2-digging anchor machine, 20-anchor machine, 21-continuous mining machine, 22-shuttle vehicle, 23-crusher and 24-conveying belt;

3-anchor cables, 30-reinforcing mesh, 31-pi-shaped steel belts, 32-hydraulic monomer, 320-longitudinal steel beams, 33-deformed steel anchor rods, 34-round steel anchor rods, 35-cold-drawn wire mesh, 36-legged sheds, 37-glass steel anchor rods, 38-plastic mesh and 39-double-beam shed lifting.

Detailed Description

The terms of orientation of up, down, left, right, front, back, top, bottom, and the like as referred to or as may be referred to in this specification are defined with respect to the configuration shown in the drawings, and the terms "inner" and "outer" refer to directions toward and away from the geometric center of a particular component and are relative terms, and thus may be changed accordingly depending on the position and the state of use of the particular component. Therefore, these and other directional terms should not be construed as limiting terms.

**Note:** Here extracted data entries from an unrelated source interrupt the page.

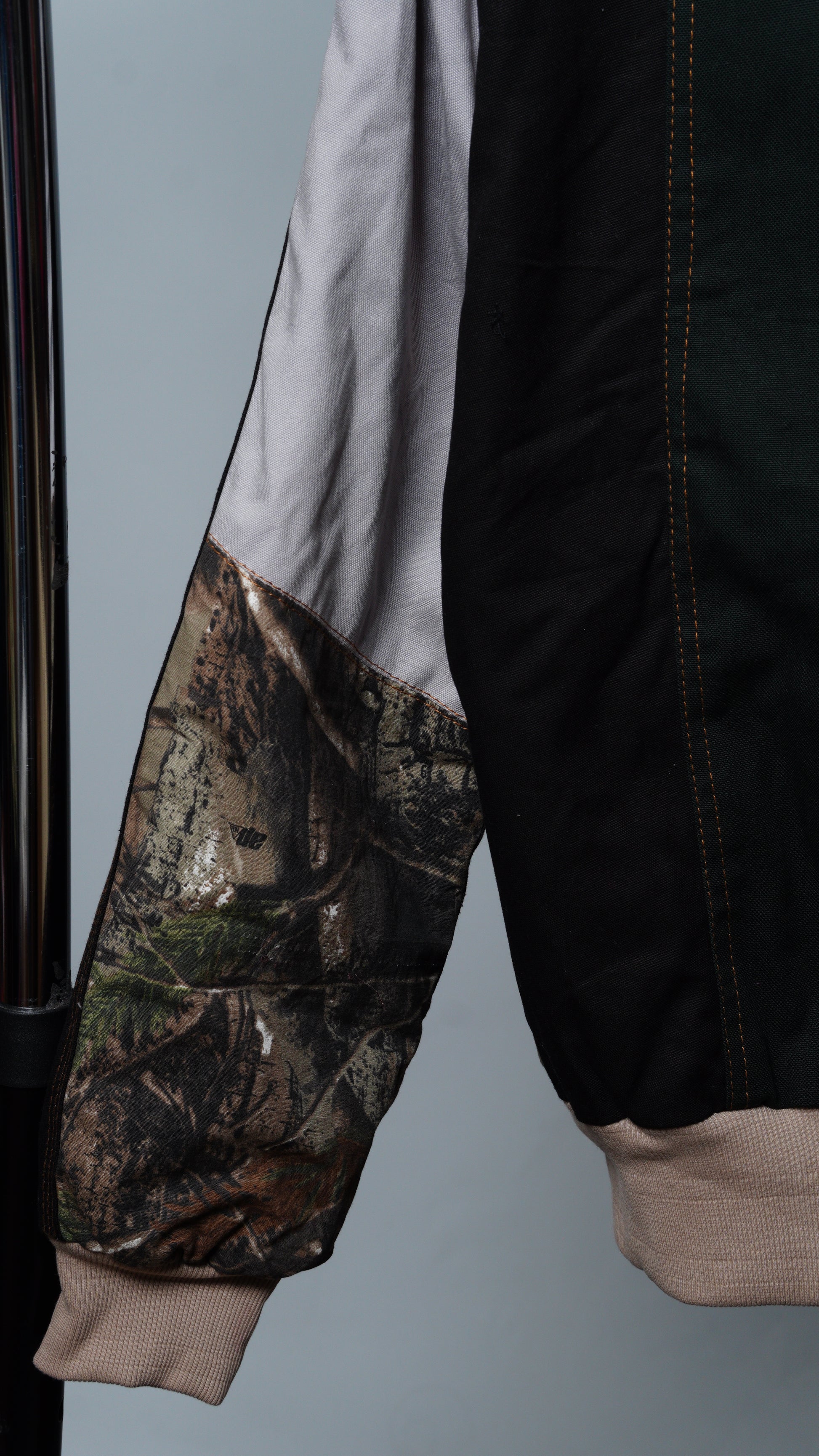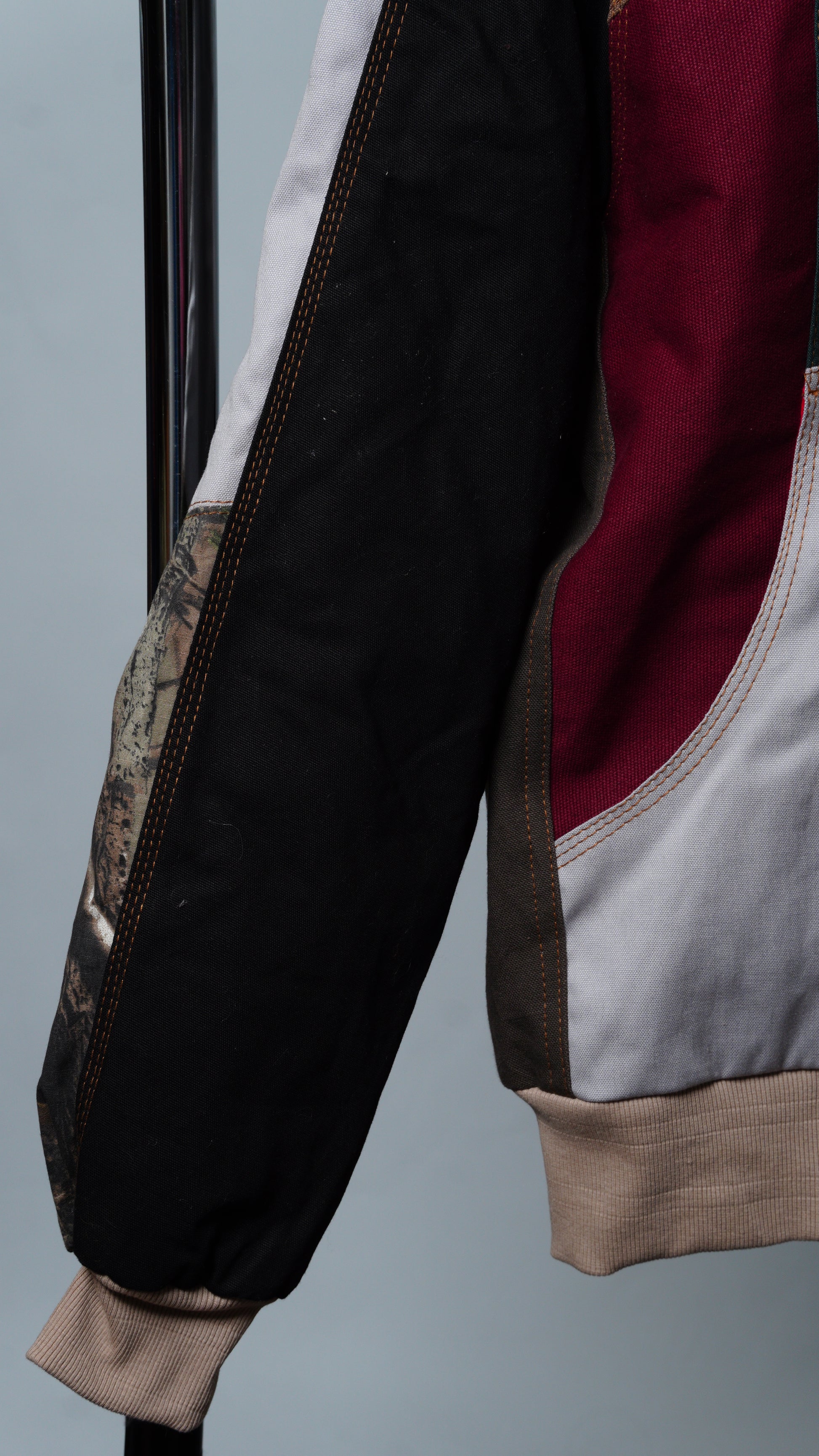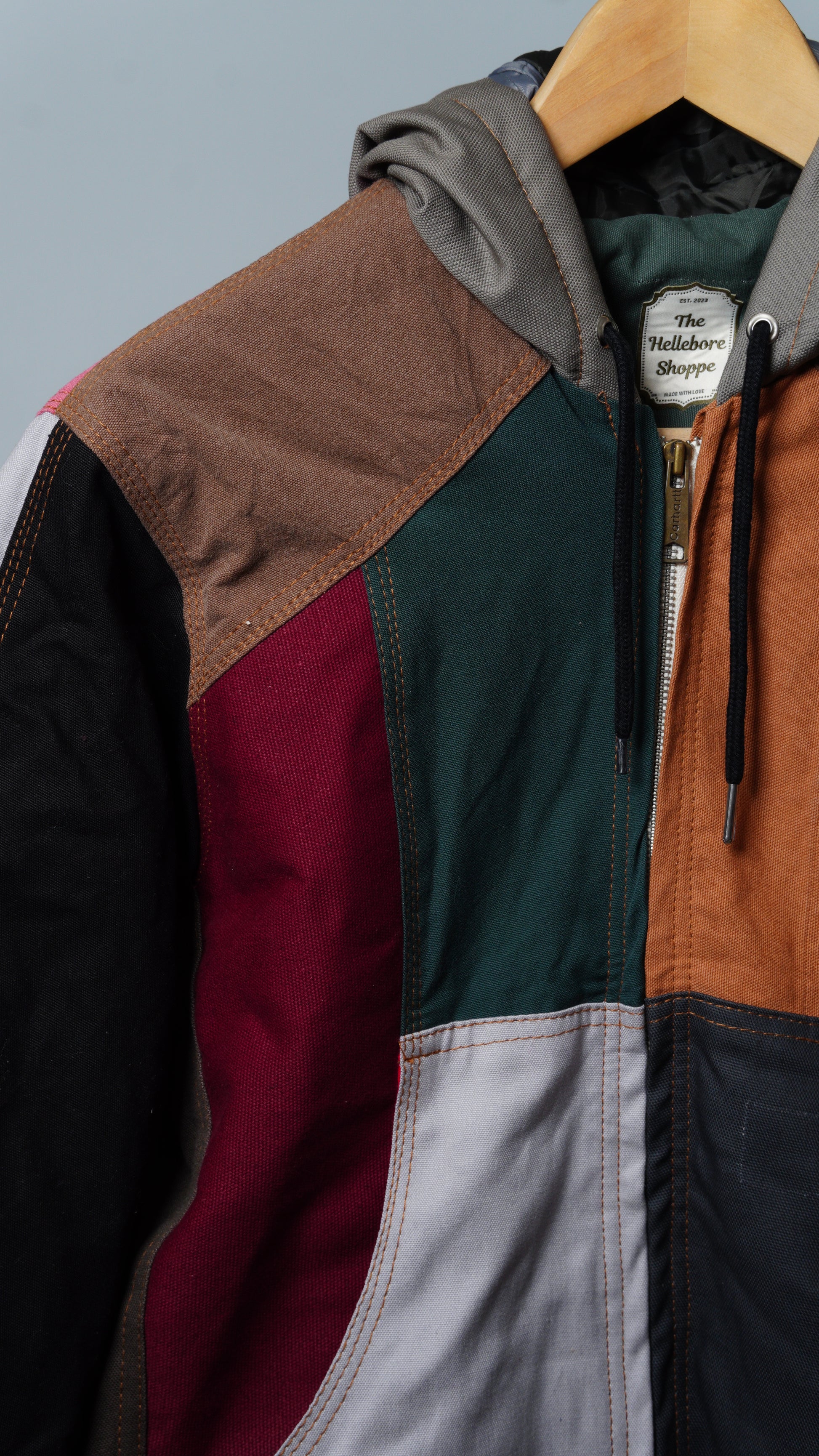 These jackets are made from rag-house-sourced work apparel scraps, built with hardy cotton and a structured fit. Each jacket is unique with various color combinations and cloth linings.
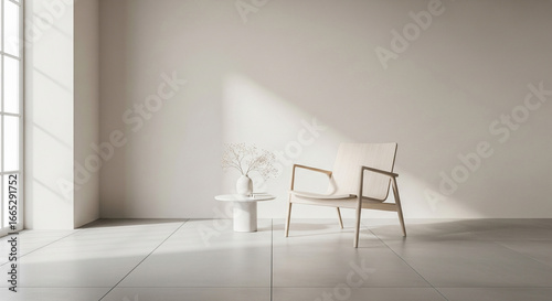 Minimalist interior living space with white chairs, a small table, and strong natural light casting dramatic shadows on the wall.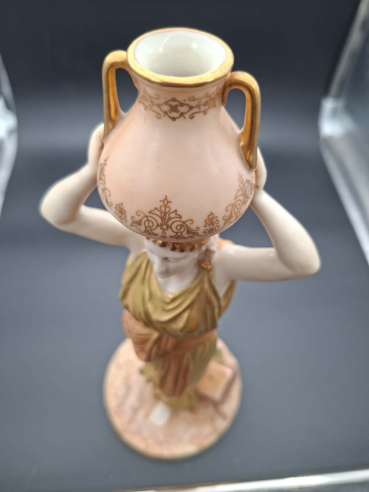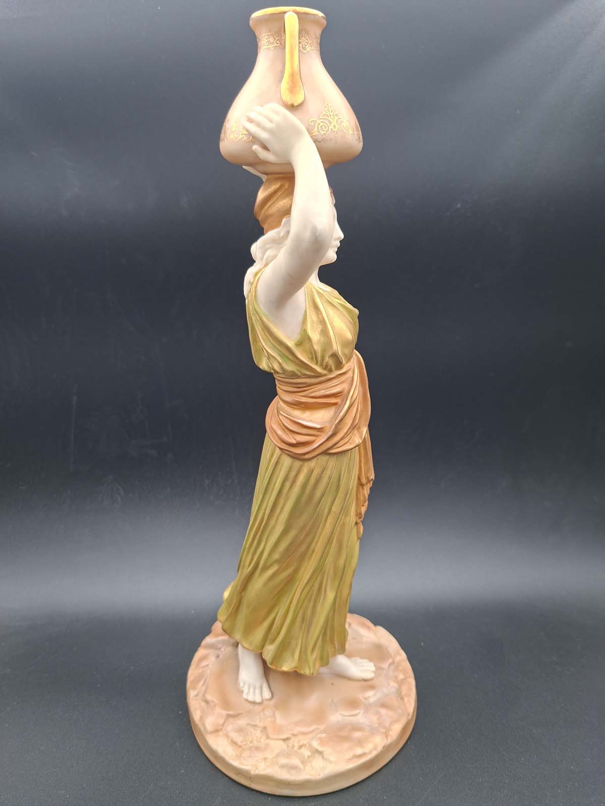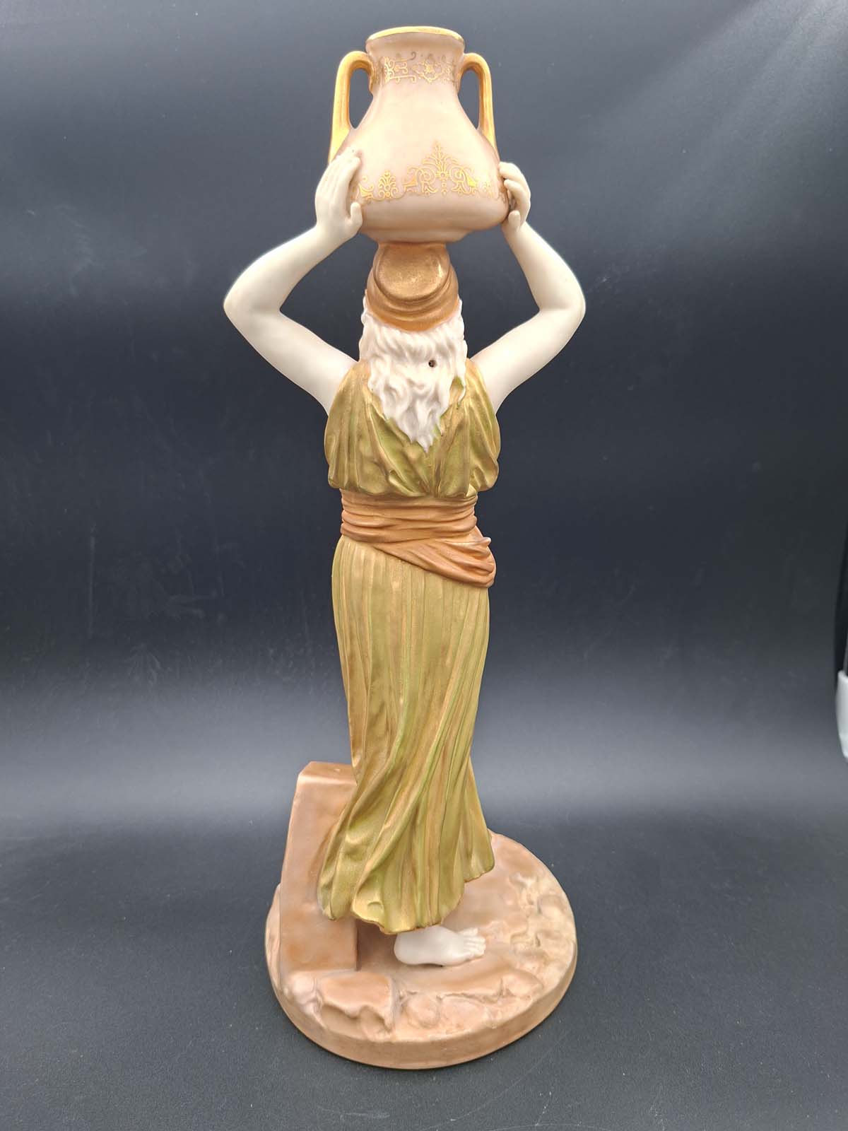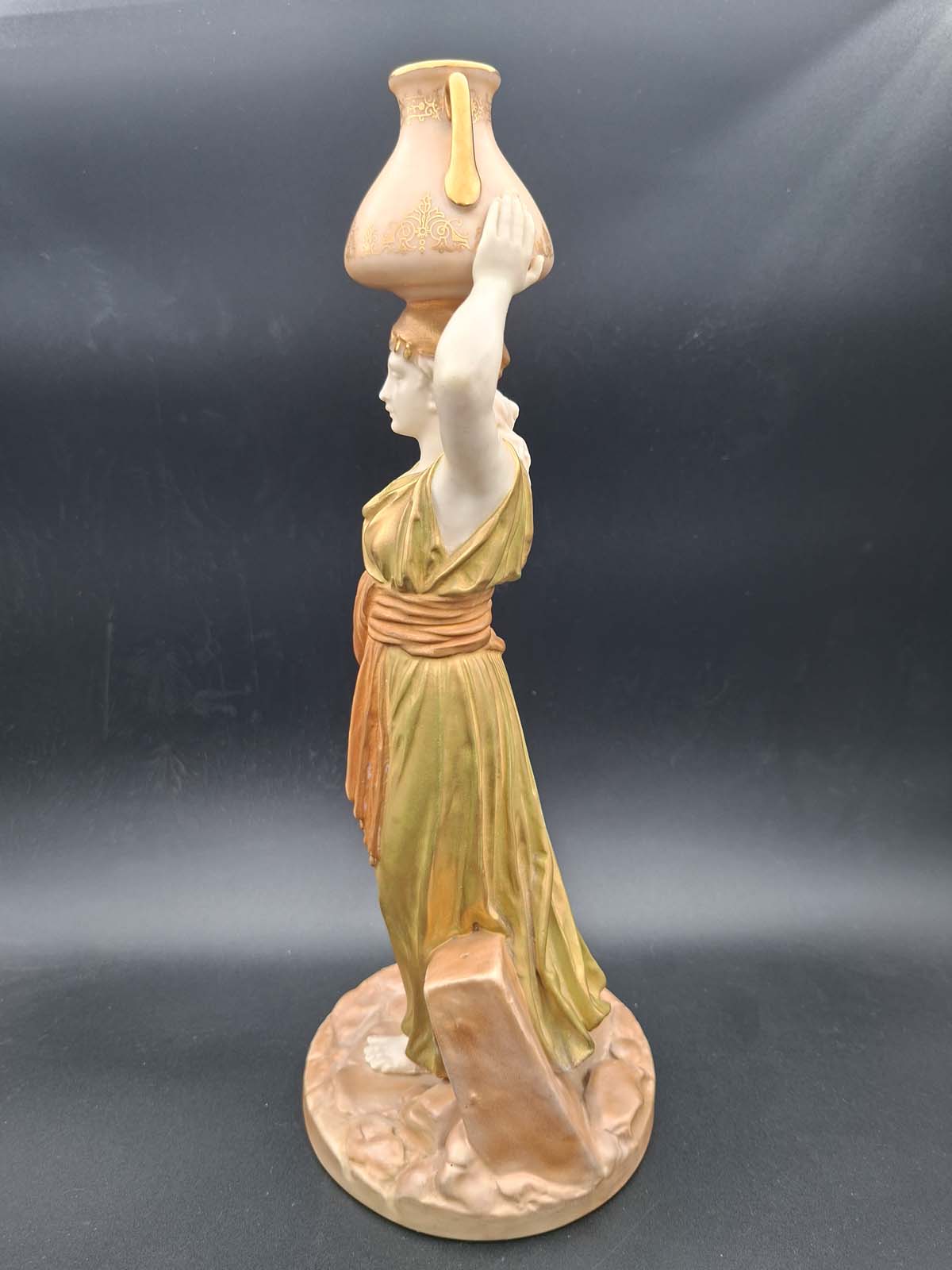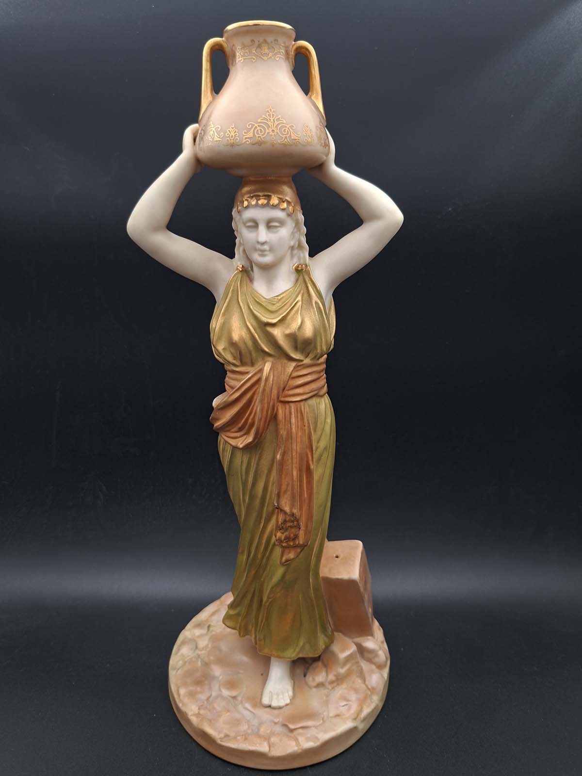 A beautiful Royal Worcester figurine of a Grecian Maiden wearing a golden robe and holding an urn above her head with both hands. Dating to 1912.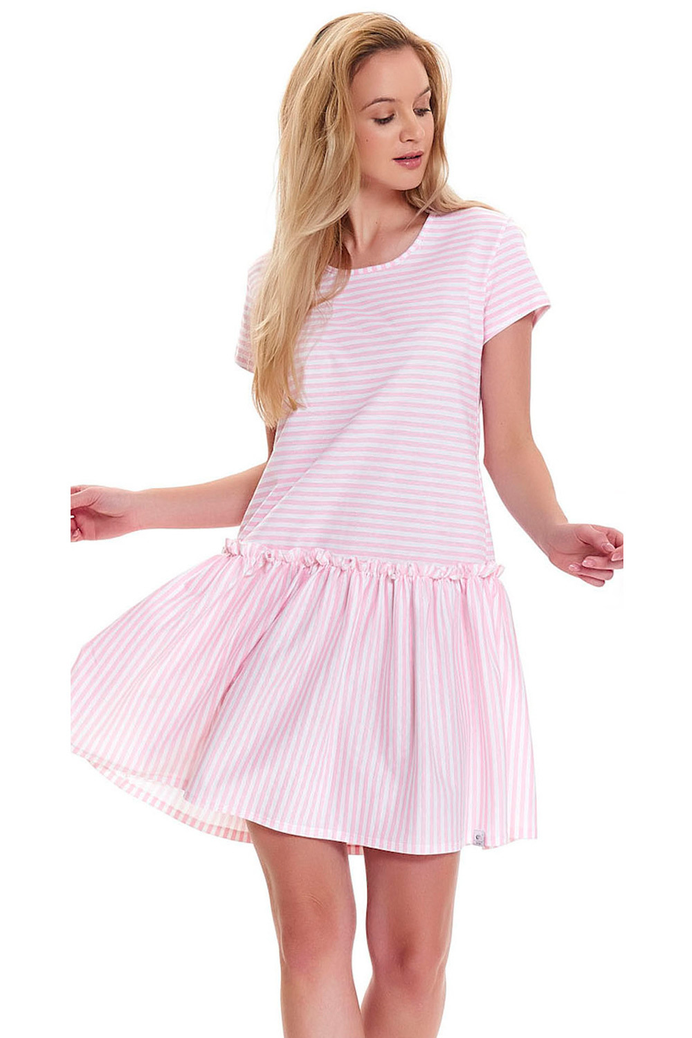 Хлопковая сорочка розового цвета в белую полоску TM.9442 Sweet Pink. Модель свободного силуэта с заниженной талией и пышной широкой оборкой, удлиненной по спинке.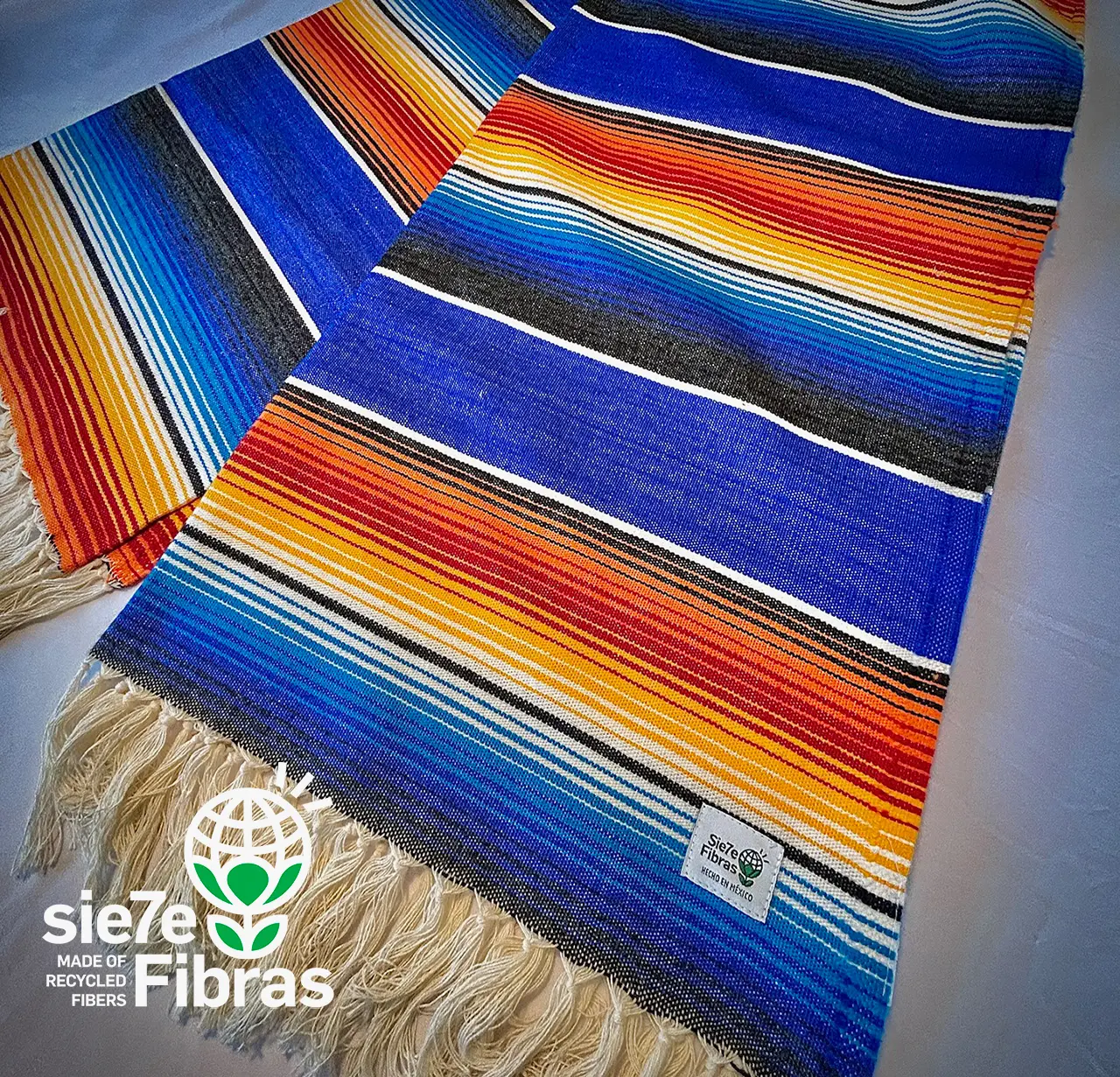 Manta Mexicana o Falsa Blanket realizada 100% con fibras recicladas.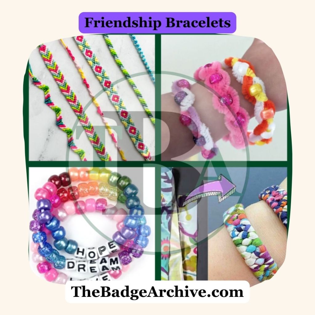 - Beaded Bracelets – Strung with pony beads or letter beads on elastic cord or string.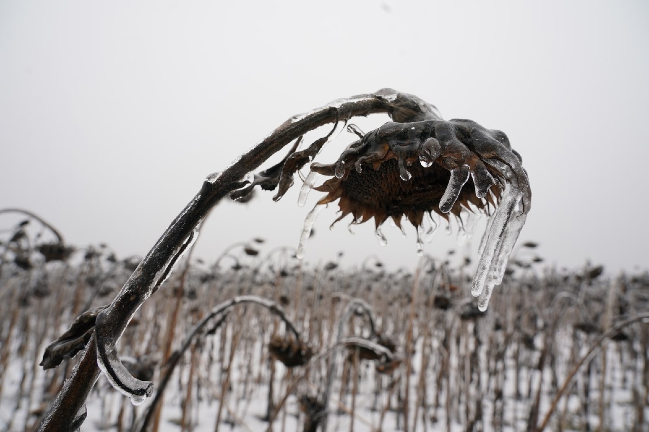 - Это редкое явление, было очень красиво и необычно видеть сосульки на подсолнухе, - отметил фотограф.

As shown in fig. 1 to 5, the goaf undercut excavation and support method provided by the present application includes the following steps: step one (S1), determining the opening position of a cutting eye 1, and injecting Marilyn into the top plate of the opening of the cutting eye 1 for reinforcement; step two (S2), at the opening of the cut hole 1, enabling the driving and anchoring machine 2 to drive a preset distance along part of the width of the cut hole 1 to form a wide lane 10, and supporting the top plate and the counter wall 18 of the wide lane 10; step three (S3), at the opening of the cut hole 1, enabling the continuous mining machine 21 to carry out side sweeping tunneling along the residual width of the cut hole 1 for the preset distance to form a narrow lane 11, supporting a top plate and a front side 19 of the narrow lane 11, and communicating the narrow lane 11 with the wide lane 10 during tunneling to finish tunneling and supporting of the cut hole 1 along the preset distance; and step four (S4), repeating the step two and the step three until the tunneling and the supporting of the whole cutting hole 1 are completed.

The driving and supporting process of the cutting eye 1 is described in detail below with the cross-sectional width of the cutting eye 1 being 9 m.

In the first step, as shown in fig. 2, the top plate at the opening of the cutting hole 1 is supported by using an anchor cable 3 (phi 17.8 × 6500mm) + a steel belt (4.6m) in a 'well' -shaped arrangement mode so as to increase the structural stability of the top plate at the opening of the cutting hole 1.

And step two, primary tunneling and supporting, wherein in the step two, the partial width is set to be 5.4m, the tunneling and anchoring machine 2 tunnels for a preset distance of 25m in the width of 5.4m, and the tunneled 25m is supported by the anchor rod machine 20 to complete primary tunneling operation of the cut hole 1. As shown in fig. 4 to 5, the top plate of the wide lane 10 can be jointly supported by the way of "steel mesh 30+ deformed steel bar anchor rods 33 (phi 18 × 2100mm, row spacing of 1.0m) + huts 36 with legs (5.2m long steel beams +2 single bodies)"; the counter 18 is supported in a combined manner by adopting a cold-drawn wire mesh 35 and round steel anchor rods 34 (phi 18 multiplied by 2100mm, row spacing of 1.0 m).

And step three, secondary tunneling and supporting, wherein in the step three, the residual width is 3.6m, the continuous mining machine 21 sweeps a side of 3.6m to enable a narrow lane 11 of 3.6m and a wide lane 10 of 5.4m to be communicated to form a cut hole 1 with the cross section width of 9m, the continuous mining machine also tunnels for a preset distance of 25m to enable a wide tunneling head 101 of the wide lane 10 to be flush with a narrow tunneling head 102 of the narrow lane 11, and the four-arm anchor rod machine 20 supports the tunneled 25m to complete secondary tunneling operation of the cut hole 1.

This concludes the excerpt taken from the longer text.